A great example of how easy it is to do shallow reporting: Business Insider’s Steve Kovach calls “nothing groundbreaking” the news that Dropbox — the big online storage company (which I use for some file backups) — has admitted it will decrypt your files and will hand them over to government agencies demand to see the files. Don’t worry about it, says Kovach — you only need to be concerned if you’re doing something wrong.
This is incorrect, on several levels. The latest terms of service flatly contradict Dropbox’s assurance elsewhere on the site that “Dropbox employees aren’t able to access user files, and when troubleshooting an account they only have access to file metadata (filenames, file sizes, etc., not the file contents).” So some people inside the company (must be employees, right?) can access user files after all.

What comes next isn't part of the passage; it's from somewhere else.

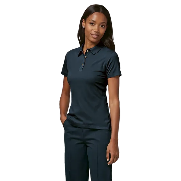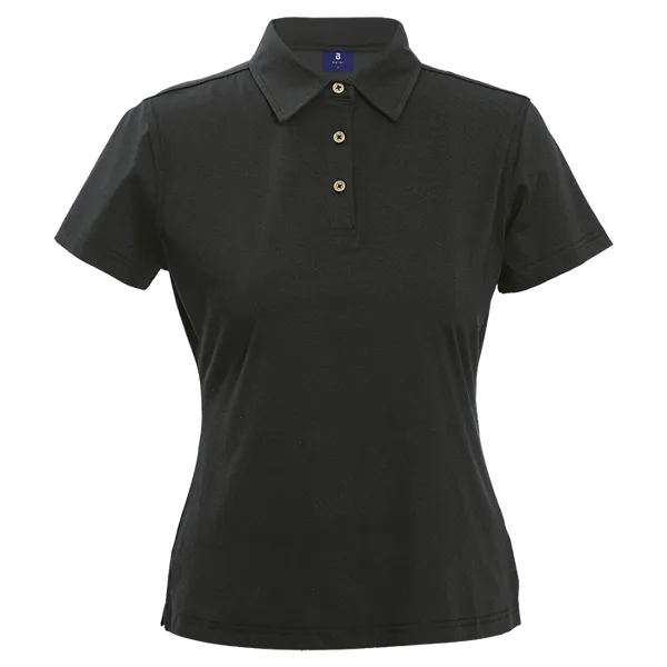 Elevate your golf game with the Executive Mercerised Golfer for Ladies. Made from high-end 100% mercerised cotton, this top features a structured collar, metal-look buttons, and a premium hand feel. Available in black or navy.

And if someone inside the company can do that, the files are vulnerable. As Miguel de Icaza points out on his blog:
This announcement means that Dropbox never had any mechanism to prevent employees from accessing your files, and it means that Dropbox never had the crypto smarts to ensure the privacy of your files and never had the smarts to only decrypt the files for you. It turns out, they keep their keys on their servers, and anyone with clearance at Dropbox or anyone that manages to hack into their servers would be able to get access to your files.
If companies with a very strict set of security policies and procedures like Google have had problems with employees that abused their privileges, one has to wonder what can happen at a startup like Dropbox where the security perimeter and the policies are likely going to be orders of magnitude laxer.
If you care about your security and use Dropbox, you should care about this. If you’re a journalist covering the company, maybe you should look further than the surface.